Hi, are there any updates on this issue?
Right now, I don't have a clue whether the driver has an issue or whether the pool is missing a guard somewhere. Also, restarting a server while a connection is active (and therefore, the connection breaks) should result in an error like PostgresConnectionClosedException
. However, after the server is back up again, PostgresConnectionClosedException
should go away as the pool should identify that the connection is not valid anymore.

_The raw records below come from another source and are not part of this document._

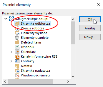 W wyświetlonym okienku odnajdujemy folder, do którego chcemy przenieść wybrane wiadomości. Zaznaczamy go, a następnie klikamy przycisk „OK”.
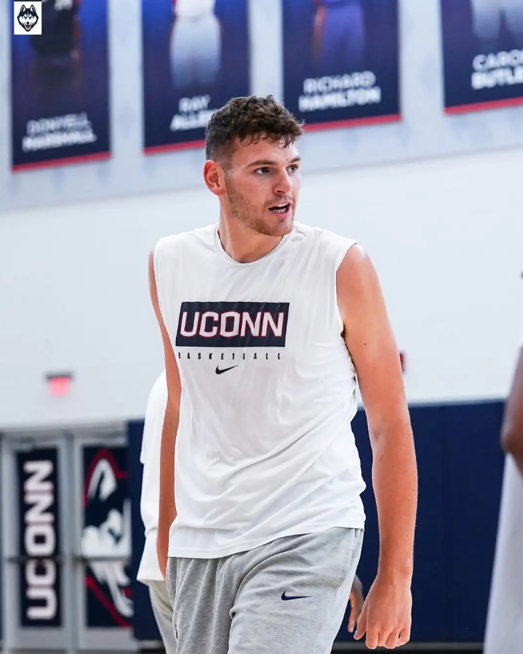 康涅狄格大学官方更新Ins,晒出一组开拓者球员多诺万-克林根的训练照与球迷分享。
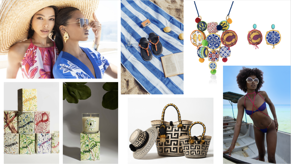 In alto: resortwear Aggél; infradito Flowze; bijoux Amlé; bikini Omuamoon; borse e cappello Knowmad; profumi e candele Carola fra i trulli
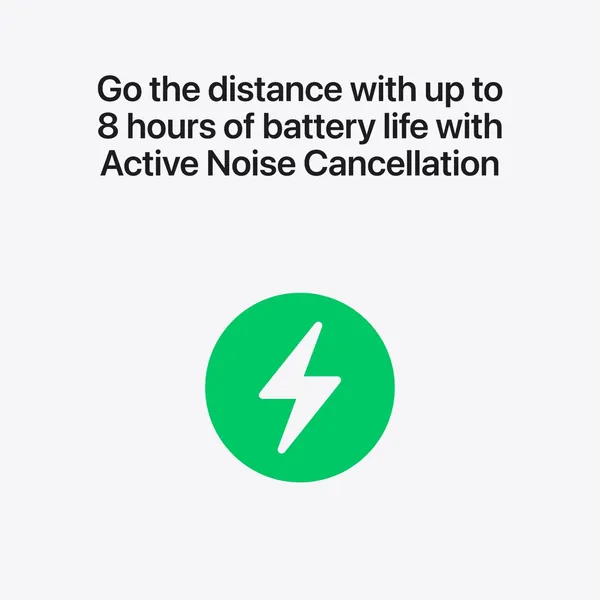 Extended Battery Life — Get up to 8 hours of listening time with Active Noise Cancellation on a single charge.8 Or up to 10 hours in Transparency using the Hearing Aid feature.9

I also had the same case. However, it was resolved after updating to the latest version. @konsmak Please refer below to update the version and test it.
common : postgreSQL 13.5
before environment
- io.r2dbc:r2dbc-pool:0.8.8.RELEASE
- io.r2dbc:r2dbc-postgresql:0.8.11.RELEASE
- io.r2dbc:r2dbc-spi:0.8.6.RELEASE
current environment (resolved)
- io.r2dbc:r2dbc-pool:0.9.0.RELEASE
- org.postgresql:r2dbc-postgresql:0.9.0.RELEASE
- io.r2dbc:r2dbc-spi:0.9.1.RELEASE
Likely the pool should intercept errors of these kinds (in my case io.r2dbc.spi.R2dbcNonTransientResourceException
) and simply re-establish connection(s). At least I would expect it to behave this way.
I can easily reproduce the error if I run r2dbc connection to PG over an SSH tunnel. Just restart the tunnel, and all current connections are effectively broken yet not closed.
Hi @mp911de , Thanks for finding the root cause and posting it. I am getting the same issue "org.springframework.dao.DataAccessResourceFailureException: Failed to obtain R2DBC Connection nested exception is io.r2dbc.spi.R2dbcNonTransientResourceException: Connection validation failed" in MSSQL. I am using below libraries(Version).